Posted on 08/22/2002 9:09:06 PM PDT by Vidalia

WAILUKU >> Getting back to that little grass shack in Hawaii may become a bit easier for Maui residents.

A Maui County advisory committee has finished drafting proposed rules that allow the construction of four different kinds of Hawaiian grass huts using materials mainly grown on the islands -- the first proposal of its kind in the state.

"It's a long time in coming," said master builder Francis Sinenci.

The draft, if adopted, would allow qualified builders to go through the same process to construct Hawaiian huts as they would for a Western dwelling.

Sinenci said he has been frustrated that getting a permit to build a Western dwelling was easier than getting one to build an indigenous structure.

He said he had to obtain building variances in the past to build Hawaiian huts, including four structures at the Hana Cultural Center.

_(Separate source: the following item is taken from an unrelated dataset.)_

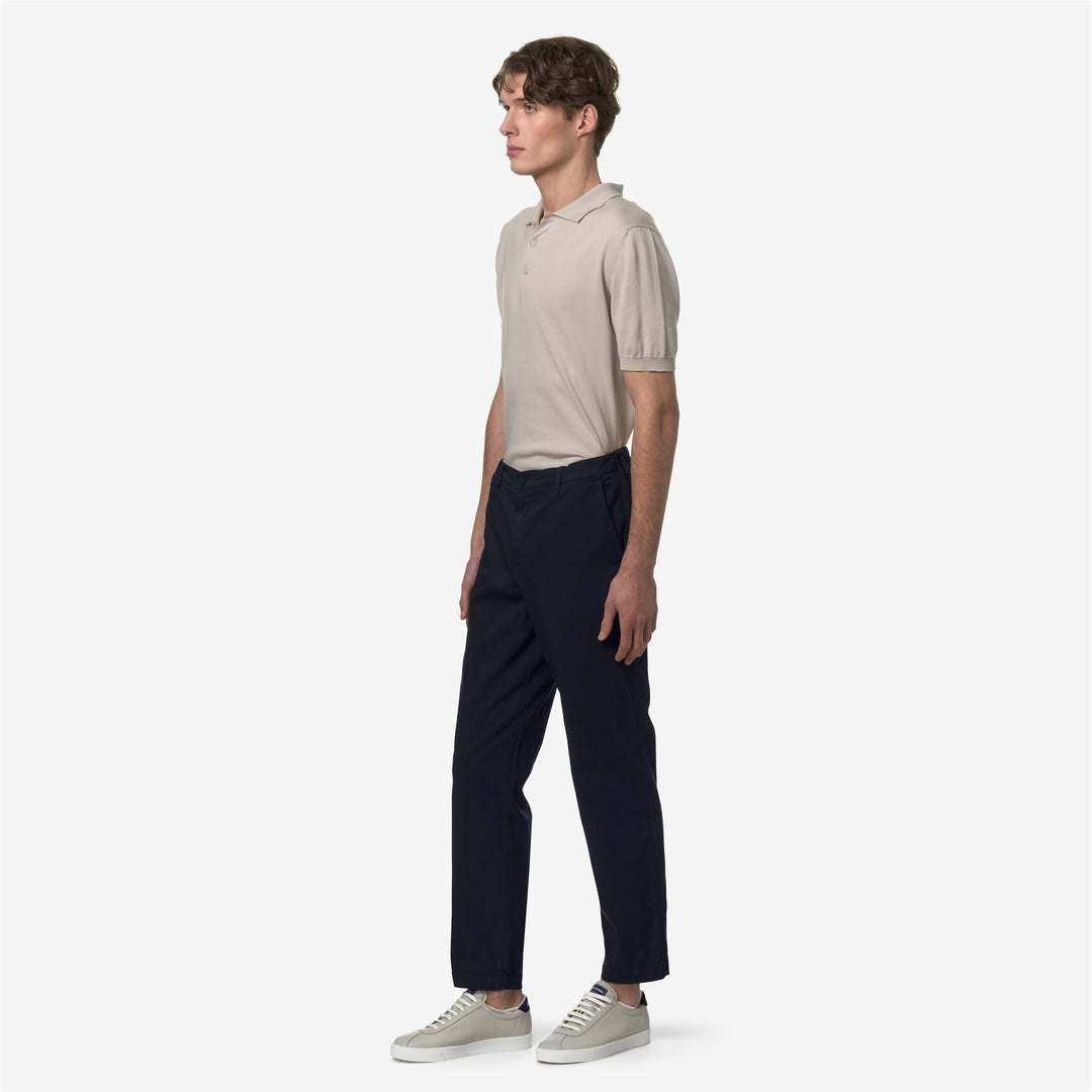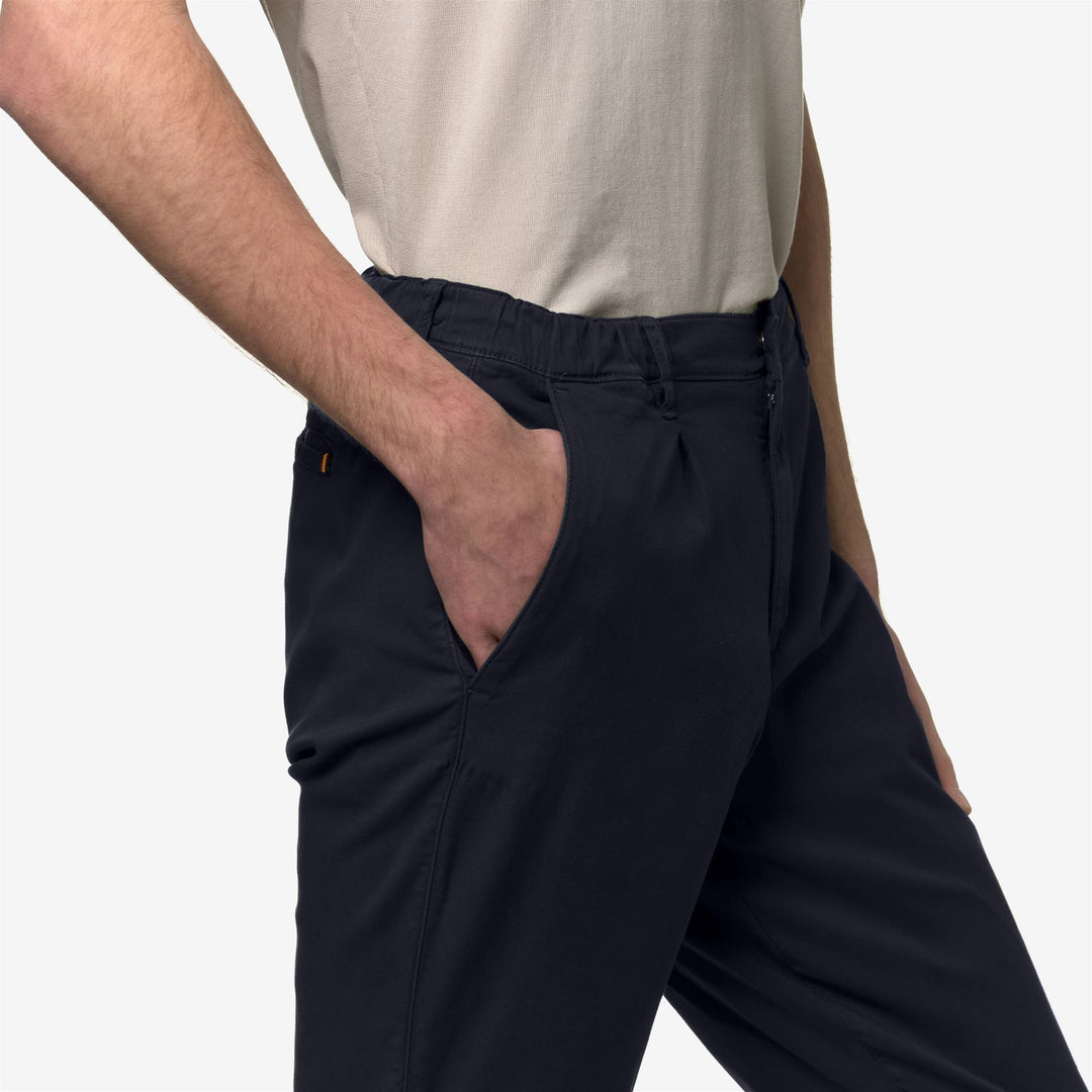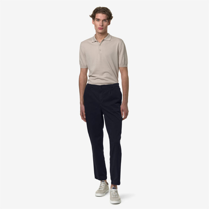 Bran is a men's gabardine trouser with a versatile look and stretch fit. Comfortable and essential for the warmer seasons, these pants feature a straight-leg chino design with side pockets and an elasticated waist with a zip and button fastening.

Under the proposals, the dwellings would have a maximum dimension of 30 by 60 feet and be used for limited purposes, such as eating, meeting, sleeping and storing canoes.

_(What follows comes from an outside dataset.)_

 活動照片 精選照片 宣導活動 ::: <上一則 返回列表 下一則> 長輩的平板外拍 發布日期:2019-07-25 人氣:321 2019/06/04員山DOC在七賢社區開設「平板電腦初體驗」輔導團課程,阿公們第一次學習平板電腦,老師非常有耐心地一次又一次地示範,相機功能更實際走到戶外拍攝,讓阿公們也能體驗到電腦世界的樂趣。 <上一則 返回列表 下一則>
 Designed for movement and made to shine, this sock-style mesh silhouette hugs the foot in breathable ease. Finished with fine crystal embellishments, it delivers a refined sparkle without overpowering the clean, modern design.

"These buildings will be expensive to build. They're very labor-intensive," said Hans Riecke, retired architect and a member of the county's Indigenous Architecture Task Force.

Rather than using nails and milled lumber, the builder would rely on natural posts and lashing techniques to hold the structure together.

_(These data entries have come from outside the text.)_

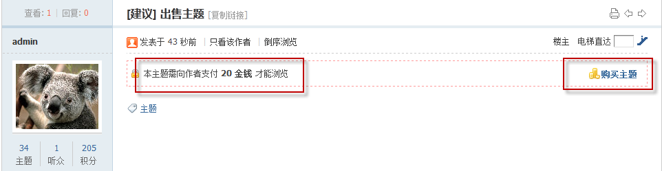 当扩展积分项被设置为交易积分后,用户就可以用这些积分来进行站点的虚拟物品或实体物品的交易,形成一套虚拟的货币流通机制。虚拟物品交易包括主题、附件的购买,悬赏、评分的给予,以及商品的交易等。
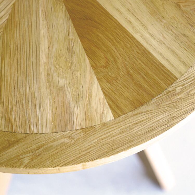 天板にはオーク材を使用。異なる色の木材を組み合わせる「寄木(よせぎ)」の技法により、中心から外側へ放射状に広がる印象的な幾何学模様が描かれています。
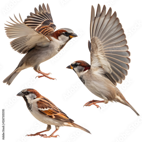 House sparrow bird in various poses including flying and perching natural wildlife.
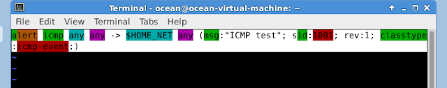 alert icmp any any -> $HOME_NET any (msg:”ICMP test”; sid:1001; rev:1; classtype:icmp-event;)
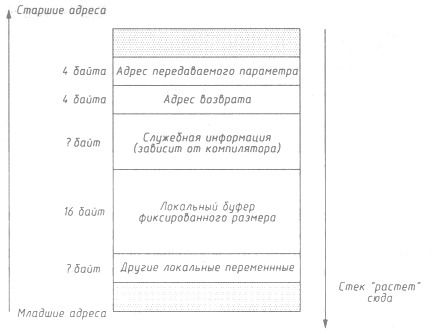 Рассмотрим его. Весьма часто в процедурах программист отводит для своих нужд некоторый локальный буфер, имеющий фиксированный размер. Этот размер обычно устанавливается исходя из здравого (или не очень здравого) смысла. Например, если читается строка с экрана, то программист может ограничить размер буфера 80 символами, имя файла на NTFS не должно содержать более 255 символов - именно такой буфер может быть отведен в этом случае и т. п.
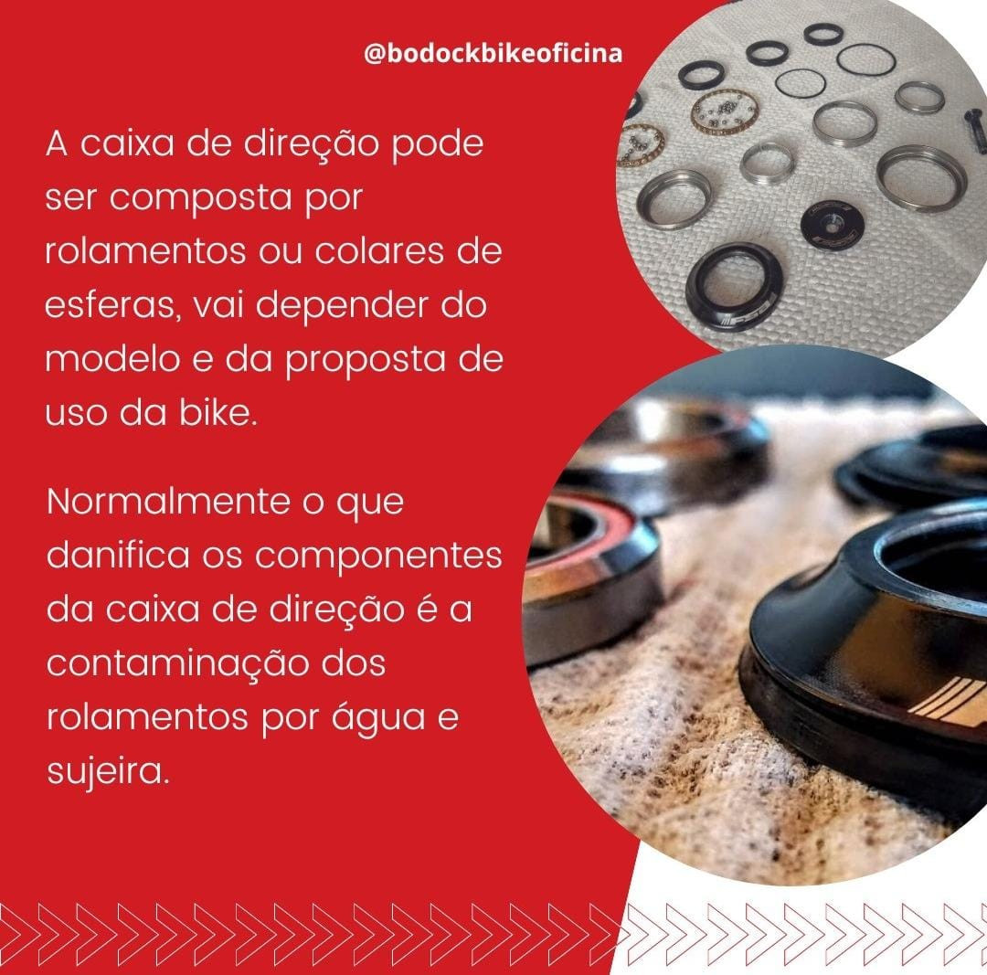 A caixa de direção pode ser composta por rolamentos ou colares de esferas, vai depender do modelo e da proposta de uso da bike. Normalmente o que danifica os componentes da caixa de direção é a contaminação dos rolamentos por água e sujeira.

"It's intricate. It's a work of art," Riecke said.

The draft was scheduled to be discussed today at a Maui County Cultural Resources Commission meeting. The meeting starts at 9 a.m. in the county planning conference room.

The rules are expected to be sent by tomorrow to the Maui County Council for its review. The Council passed a bill about two years ago requiring the county administration to develop the draft rules.

Riecke said an indigenous building code would not only allow the development of traditional huts, but also perpetuate the knowledge of how to build them.

Sinenci is expected to teach a course at Maui Community College on how to build a Hawaiian hut.

Supporters of the draft say it also bucks a trend of using Western materials.

PHOTO COURTESY OF RIECKE SUNNLAND KONO ARCHITECT LTD. Supporters of a Maui draft say it will encourage the use of island materials in building huts like the one above in Hana, Maui.


Uniform building codes here and nationally are based on using materials from the mainland, such as milled Douglas fir and oak, that have been tested by engineers for their strength. Part of the goal of developing an indigenous architecture code of rules is to encourage the use of materials grown in Hawaii.

County codes administrator Ralph Nagamine said a University of Hawaii engineer has been reviewing the use of various Hawaiian materials to determine their strength, including wood from trees commonly found in Hawaii.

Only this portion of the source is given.